Of course, successful product innovation isn’t achieved by one team in isolation.  It is almost always a joint effort between numerous different departments across the business, ranging from R&D and product development to sales, marketing and more. This is because each team brings its own unique perspective and thinking to the process, resulting in better, more effective solutions overall.

That said, the more teams there are involved, the harder the process can be to manage. Furthermore, with many people now working remotely or on a hybrid basis, communication and collaboration between co-workers can be even more challenging. Fortunately, there’s a growing number of remote communication solutions, including video conferencing, instant messaging, file sharing and virtual whiteboarding, that are making this task easier by the day.

In addition to having the right tools in place, organisations also need to clearly define the objectives and key results upfront, build trust with (and between) each team involved, and demonstrate that they value everyone’s ideas and participation equally. 

Unfortunately, from time to time,  conflict will arise during the innovation process.  When it does, it needs to be addressed in a timely manner. If not, it can quickly derail the project or result in a poorly thought out end product, which isn’t in anyone’s best interests.


Irrespective of whether a cross-functional team is global or domestic, remote or in-office, having great leaders at the helm is ultimately what makes the difference between success and failure.  Strong leaders tend to be great communicators, capable of fostering a culture of direct and open communication at all levels.  A key part of this is identifying and hiring employees that are the right fit for both the company culture and the task at hand, from innovation managers through to R&D technicians and product engineers.  Doing so helps maintain harmony throughout the team and keeps conflict to a minimum.

When working with a global or remote workforce, great leaders are constantly thinking about how they can strive for inclusion and fairness across multiple time zones while keeping everyone focused on the end goal.  For instance, what work can happen asynchronously?

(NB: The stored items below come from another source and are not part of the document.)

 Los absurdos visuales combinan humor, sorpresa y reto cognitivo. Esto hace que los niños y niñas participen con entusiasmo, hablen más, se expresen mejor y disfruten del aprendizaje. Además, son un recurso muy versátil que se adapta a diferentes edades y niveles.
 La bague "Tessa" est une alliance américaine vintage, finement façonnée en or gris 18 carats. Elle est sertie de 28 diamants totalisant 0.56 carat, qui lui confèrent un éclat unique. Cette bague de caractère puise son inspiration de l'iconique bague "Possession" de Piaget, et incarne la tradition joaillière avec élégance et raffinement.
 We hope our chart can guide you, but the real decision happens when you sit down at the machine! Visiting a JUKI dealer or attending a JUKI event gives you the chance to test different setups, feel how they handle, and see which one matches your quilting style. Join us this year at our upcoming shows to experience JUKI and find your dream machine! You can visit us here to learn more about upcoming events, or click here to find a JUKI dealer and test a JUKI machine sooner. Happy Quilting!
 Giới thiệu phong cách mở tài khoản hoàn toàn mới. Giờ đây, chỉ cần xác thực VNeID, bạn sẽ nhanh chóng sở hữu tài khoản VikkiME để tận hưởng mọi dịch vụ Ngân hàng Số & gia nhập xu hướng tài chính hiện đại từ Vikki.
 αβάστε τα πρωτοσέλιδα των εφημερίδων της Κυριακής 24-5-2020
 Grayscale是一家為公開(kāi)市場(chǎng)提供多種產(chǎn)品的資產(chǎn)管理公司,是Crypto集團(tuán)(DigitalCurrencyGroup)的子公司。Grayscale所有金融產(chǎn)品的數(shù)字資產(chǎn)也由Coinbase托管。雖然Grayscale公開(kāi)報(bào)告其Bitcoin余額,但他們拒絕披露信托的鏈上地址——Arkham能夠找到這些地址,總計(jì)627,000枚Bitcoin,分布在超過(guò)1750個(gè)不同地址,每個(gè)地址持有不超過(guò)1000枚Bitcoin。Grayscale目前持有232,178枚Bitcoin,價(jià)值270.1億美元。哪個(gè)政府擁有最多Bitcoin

If meetings need to be had, what is the focus and desired outcome? If that’s unclear, then a meeting probably isn’t needed.  Running periodic retrospectives that accurately capture what’s working and what’s not is another good way to keep processes on track and ensure everyone is contributing equally.

Great leaders also take the time to get to know each team member personally.  This requires a concerted effort, particularly in larger companies where employees can be spread across continents, but doing so is what creates high performing cross-functional teams that produce truly exceptional new products.     

Modern organisations live and die by the products they produce, which is what makes continual innovation so crucial. Rather than relying on a single team, the most successful organisations focus on bringing together the best minds from across the business and providing the tools and environment required to thrive, regardless of location. However, to be truly effective this process must be guided by great leaders that foster a culture of success, where every team member feels included and valued at every stage of the process. Without this, success is never guaranteed.